Singer-songwriter Rosanne Cash took part in a fundraiser Thursday evening at the Arkansas Governor's Mansion in Little Rock to benefit the ongoing restoration of her father Johnny Cash's boyhood home in Dyess, Arkansas.
Gov. Asa Hutchinson invited her to hold the event there, calling the Cash house, which has been turned into a museum, "a great asset for the state." Arkansas State University bought the dilapidated home in 2011, carefully restoring it to how it looked when Johnny Cash lived there with his parents and siblings.
The Cash family was one of 500 who applied and were accepted to live in the Dyess Colony in east Arkansas, which was a planned community, created as part of a depression-era New Deal program for farmers. Each family was provided 20 or 40 acres of land, a house, outbuildings and everything they needed to farm, using later earnings to repay the government.
Ray and Carrie Cash moved into the home with their children in 1935, and in an interview with KUAR Thursday, Rosanne Cash said the day they arrived was forever seared in her father's mind.
"He said that his first memory was of going into this new home that really saved their lives, that the government had provided, and that there were five empty cans of paint sitting in the front room. I put that right into a song I wrote called 'The Sunken Lands.' The first line is 'Five cans of paint."

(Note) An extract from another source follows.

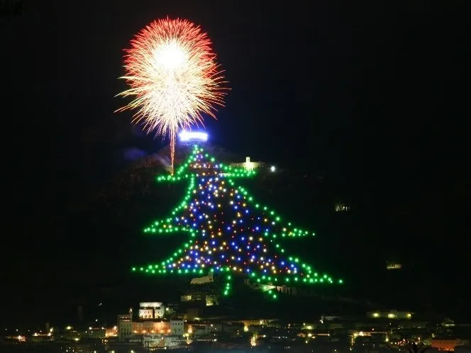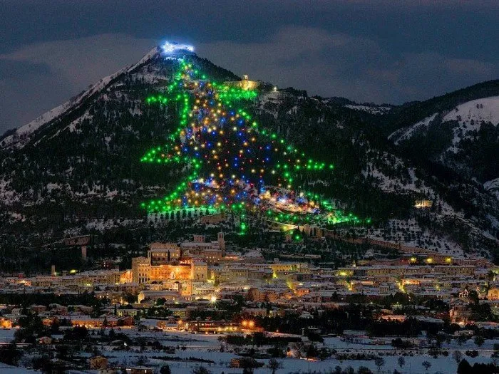 在意大利的因迪诺山坡上,位于古比奥市的地方,有一座巨大的节日树装置闪闪发光。这座树每年圣诞节都会组装起来,已有几十年历史。它的高度超过650米。仅顶部由200个灯泡组成的星星就覆盖了1000平方米的面积。1991年,古比奥的圣诞树被载入吉尼斯世界纪录。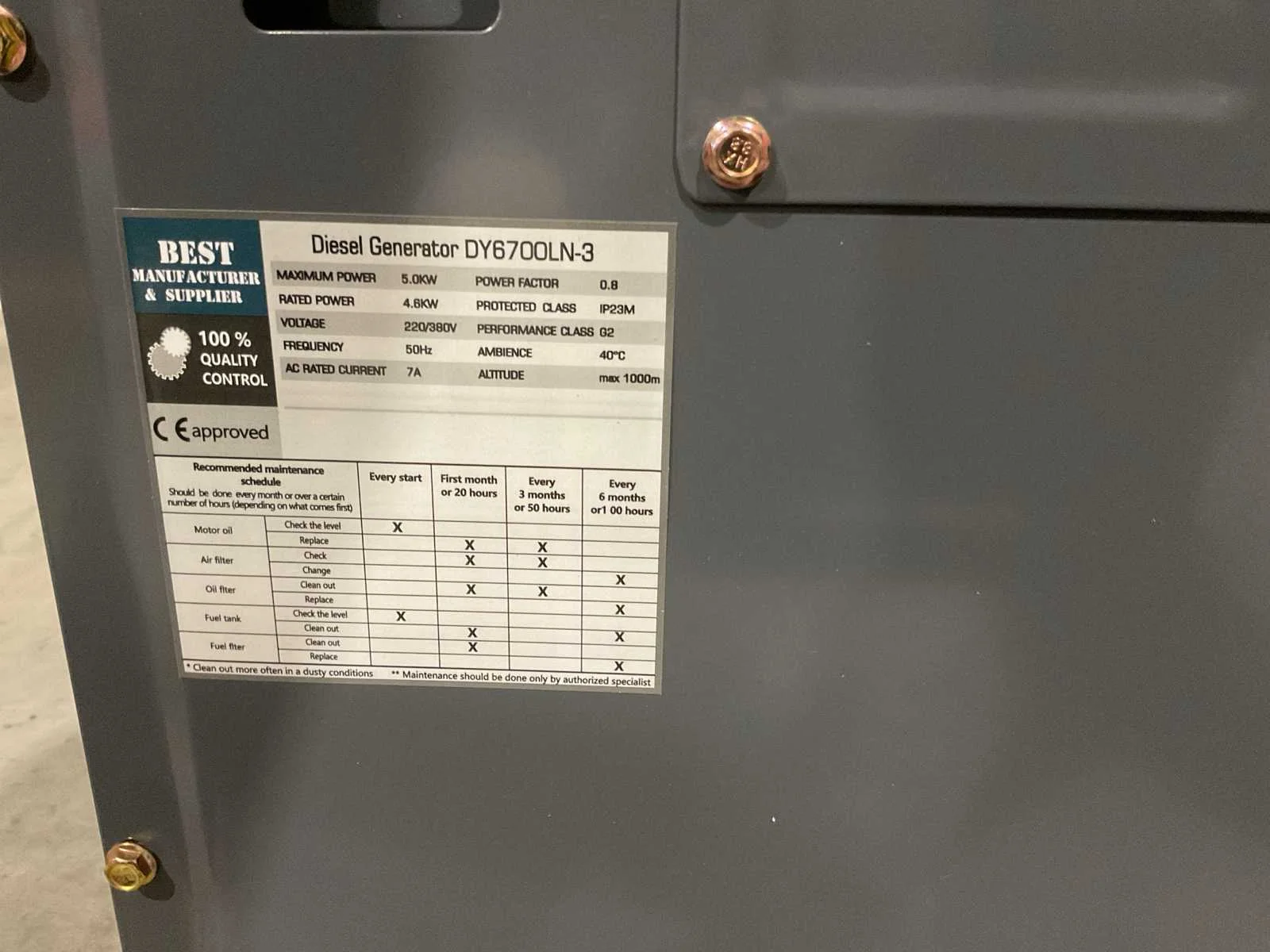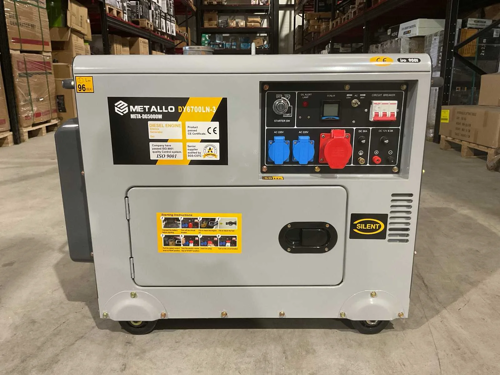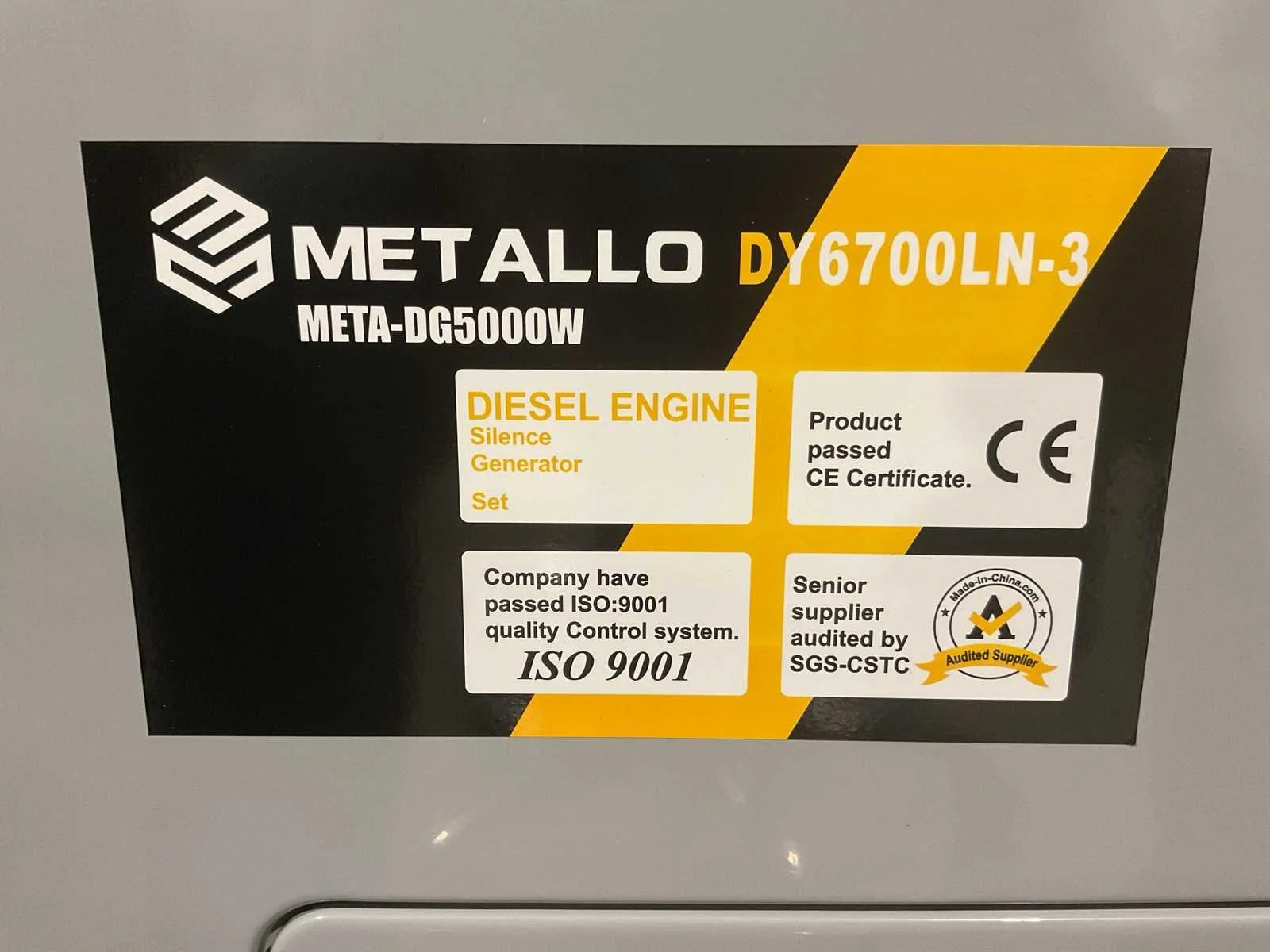 Voorzien van 418-cm³-dieselmotor; 4-takt; 15L-tank; 5,0 kW; frequentie 50 Hz; 230V-aansluiting; 380V-aansluiting; elektrische start; voltmeter; AVR-controller; 5kVA; ongebruikt in doos. Ongebruikt in doos (Afmeting transport verpakking 940x540x690 mm lxbxh, gewicht 150 kg) Merk: Metallo Type: META-DG5000W Bouwjaar: 2025 Capaciteit.: 5kVA Diesel: true Motorvermogen (kW): 5kW Luchtgekoeld: true Mobiel: true Machinegewicht: 150kg Totale afmeting L: 940mm Totale afmeting Breedte: 540mm Totale afmeting Hoogte: 690mm

The song was included in Rosanne Cash's 2014 album The River & the Thread, which won three Grammy Awards the following year. Several of the songs were inspired by her learning more about her father and grandparents' experiences in Dyess through the restoration project.
Johnny Cash moved away from the community when he enlisted in the military and his parents left in the 1950s. The house was then lived in by various people for more than half a century until ASU's Arkansas Heritage Sites program bought it after getting the backing of the Cash family.
"When Arkansas State University came to us, to the family and said we want to do this, I immediately said yes. We all said yes because we knew it would be important to my dad," Rosanne Cash said.
"He always talked about where he grew up and was so proud of it, and he had even written a letter to my mother from the Air Force saying every rock, every stone, every inch of dirt is important to me from that place, from Dyess and it was part of who he was. So many of the songs he wrote came from there, 'Pickin' Time,' 'Five Feet High and Rising,' and we just felt that it would honor him in a way that meant something to him."
By the time the restoration finally got underway the house was in poor shape.
"It was almost to the ground, it was falling apart. They got it just in time, seriously," Cash said.
The renovation included lifting the home onto the back of a truck so that the gumbo soil underneath, which would constantly shift causing home foundations to become unlevel, could be replaced. Layers of wall coverings and linoleum were removed, with officials saying much of the original material was still underneath.
The restored house was opened to the public after a dedication ceremony on August 16, 2014. In the first year, Dr. Ruth Hawkins, who has been overseeing the project for ASU, says about 10,000 people visited from 35 countries.
"Not only is the exterior and the frame restored, but they have meticulously furnished the house in period furnishing. Some of the things my grandparents actually had, my aunt and uncle, the last two survivors who lived in that house, have given to the project," Rosanne Cash said.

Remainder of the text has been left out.